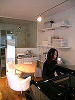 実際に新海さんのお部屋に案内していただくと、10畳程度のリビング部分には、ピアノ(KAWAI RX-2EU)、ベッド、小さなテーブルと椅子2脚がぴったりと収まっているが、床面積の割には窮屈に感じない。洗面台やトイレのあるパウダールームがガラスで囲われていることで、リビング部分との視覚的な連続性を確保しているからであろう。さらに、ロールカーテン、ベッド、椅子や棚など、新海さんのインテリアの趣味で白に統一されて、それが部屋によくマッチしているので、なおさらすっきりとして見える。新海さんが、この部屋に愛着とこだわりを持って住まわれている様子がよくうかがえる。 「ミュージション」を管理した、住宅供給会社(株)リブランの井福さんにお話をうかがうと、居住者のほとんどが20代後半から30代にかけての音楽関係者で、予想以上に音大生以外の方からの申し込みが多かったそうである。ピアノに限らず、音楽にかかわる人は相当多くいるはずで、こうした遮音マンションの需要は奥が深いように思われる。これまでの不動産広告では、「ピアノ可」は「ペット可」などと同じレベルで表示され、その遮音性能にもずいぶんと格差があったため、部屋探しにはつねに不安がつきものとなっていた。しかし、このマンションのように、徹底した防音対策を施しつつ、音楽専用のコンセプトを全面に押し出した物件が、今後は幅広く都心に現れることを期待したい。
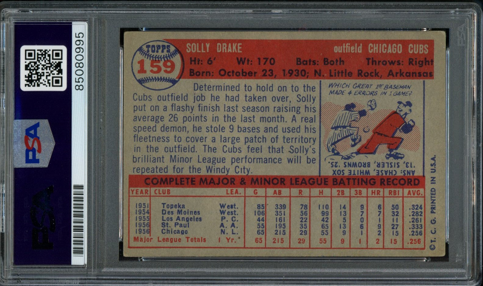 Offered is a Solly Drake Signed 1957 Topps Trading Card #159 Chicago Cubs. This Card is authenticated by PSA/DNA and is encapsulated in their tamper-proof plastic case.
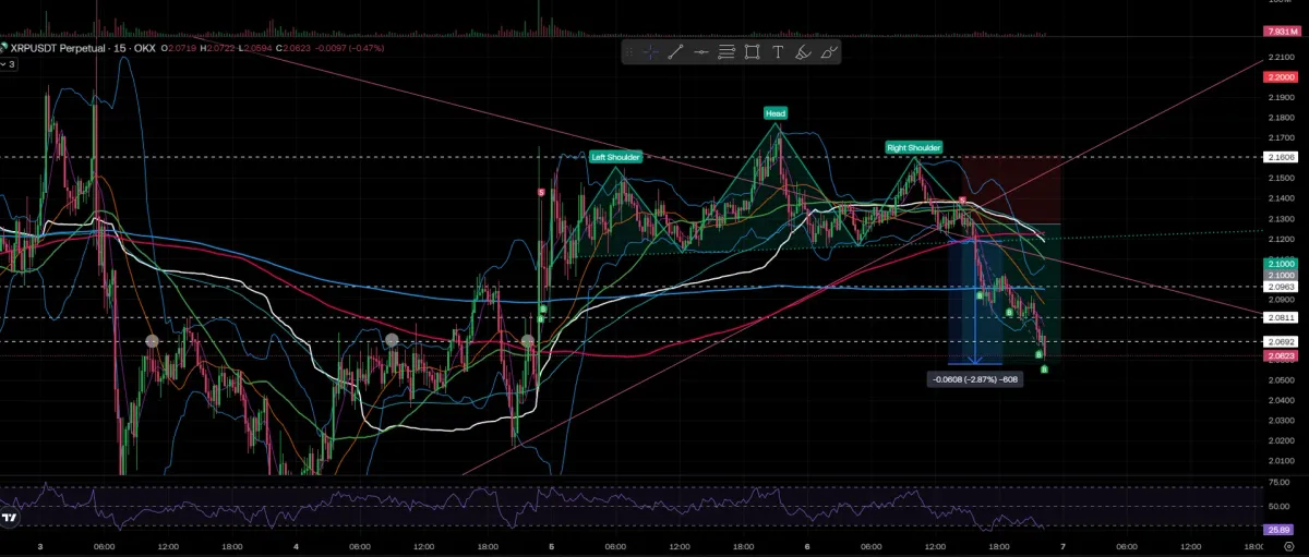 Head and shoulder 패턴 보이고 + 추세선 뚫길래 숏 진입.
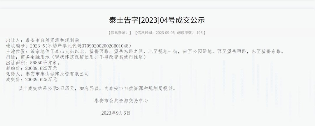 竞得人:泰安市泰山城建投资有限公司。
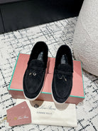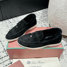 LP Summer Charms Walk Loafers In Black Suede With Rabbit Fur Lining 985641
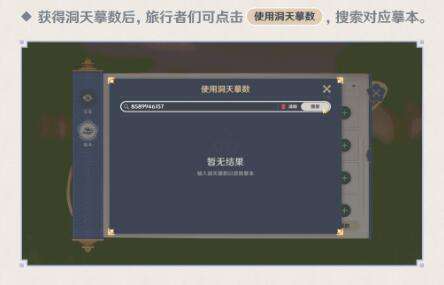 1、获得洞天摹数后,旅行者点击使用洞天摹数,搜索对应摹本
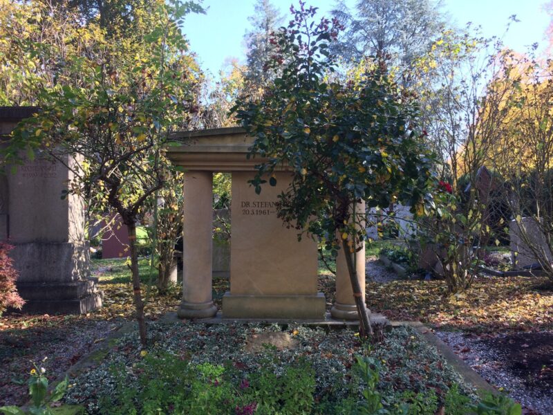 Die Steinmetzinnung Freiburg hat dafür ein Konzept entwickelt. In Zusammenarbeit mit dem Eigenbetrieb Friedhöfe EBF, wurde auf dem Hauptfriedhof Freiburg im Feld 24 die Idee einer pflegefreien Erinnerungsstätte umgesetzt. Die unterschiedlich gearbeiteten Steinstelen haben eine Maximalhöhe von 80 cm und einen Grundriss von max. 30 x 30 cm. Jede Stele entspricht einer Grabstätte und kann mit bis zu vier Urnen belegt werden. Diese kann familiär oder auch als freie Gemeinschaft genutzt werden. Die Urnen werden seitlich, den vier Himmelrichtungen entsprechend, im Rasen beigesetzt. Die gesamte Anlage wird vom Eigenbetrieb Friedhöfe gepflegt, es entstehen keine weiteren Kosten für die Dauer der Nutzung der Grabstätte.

_ _ _ _ _

Print every record above exactly, but no pictures.

 実際に新海さんのお部屋に案内していただくと、10畳程度のリビング部分には、ピアノ(KAWAI RX-2EU)、ベッド、小さなテーブルと椅子2脚がぴったりと収まっているが、床面積の割には窮屈に感じない。洗面台やトイレのあるパウダールームがガラスで囲われていることで、リビング部分との視覚的な連続性を確保しているからであろう。さらに、ロールカーテン、ベッド、椅子や棚など、新海さんのインテリアの趣味で白に統一されて、それが部屋によくマッチしているので、なおさらすっきりとして見える。新海さんが、この部屋に愛着とこだわりを持って住まわれている様子がよくうかがえる。 「ミュージション」を管理した、住宅供給会社(株)リブランの井福さんにお話をうかがうと、居住者のほとんどが20代後半から30代にかけての音楽関係者で、予想以上に音大生以外の方からの申し込みが多かったそうである。ピアノに限らず、音楽にかかわる人は相当多くいるはずで、こうした遮音マンションの需要は奥が深いように思われる。これまでの不動産広告では、「ピアノ可」は「ペット可」などと同じレベルで表示され、その遮音性能にもずいぶんと格差があったため、部屋探しにはつねに不安がつきものとなっていた。しかし、このマンションのように、徹底した防音対策を施しつつ、音楽専用のコンセプトを全面に押し出した物件が、今後は幅広く都心に現れることを期待したい。
 Offered is a Solly Drake Signed 1957 Topps Trading Card #159 Chicago Cubs. This Card is authenticated by PSA/DNA and is encapsulated in their tamper-proof plastic case.
 Head and shoulder 패턴 보이고 + 추세선 뚫길래 숏 진입.
 竞得人:泰安市泰山城建投资有限公司。
 LP Summer Charms Walk Loafers In Black Suede With Rabbit Fur Lining 985641
 1、获得洞天摹数后,旅行者点击使用洞天摹数,搜索对应摹本
 Die Steinmetzinnung Freiburg hat dafür ein Konzept entwickelt. In Zusammenarbeit mit dem Eigenbetrieb Friedhöfe EBF, wurde auf dem Hauptfriedhof Freiburg im Feld 24 die Idee einer pflegefreien Erinnerungsstätte umgesetzt. Die unterschiedlich gearbeiteten Steinstelen haben eine Maximalhöhe von 80 cm und einen Grundriss von max. 30 x 30 cm. Jede Stele entspricht einer Grabstätte und kann mit bis zu vier Urnen belegt werden. Diese kann familiär oder auch als freie Gemeinschaft genutzt werden. Die Urnen werden seitlich, den vier Himmelrichtungen entsprechend, im Rasen beigesetzt. Die gesamte Anlage wird vom Eigenbetrieb Friedhöfe gepflegt, es entstehen keine weiteren Kosten für die Dauer der Nutzung der Grabstätte.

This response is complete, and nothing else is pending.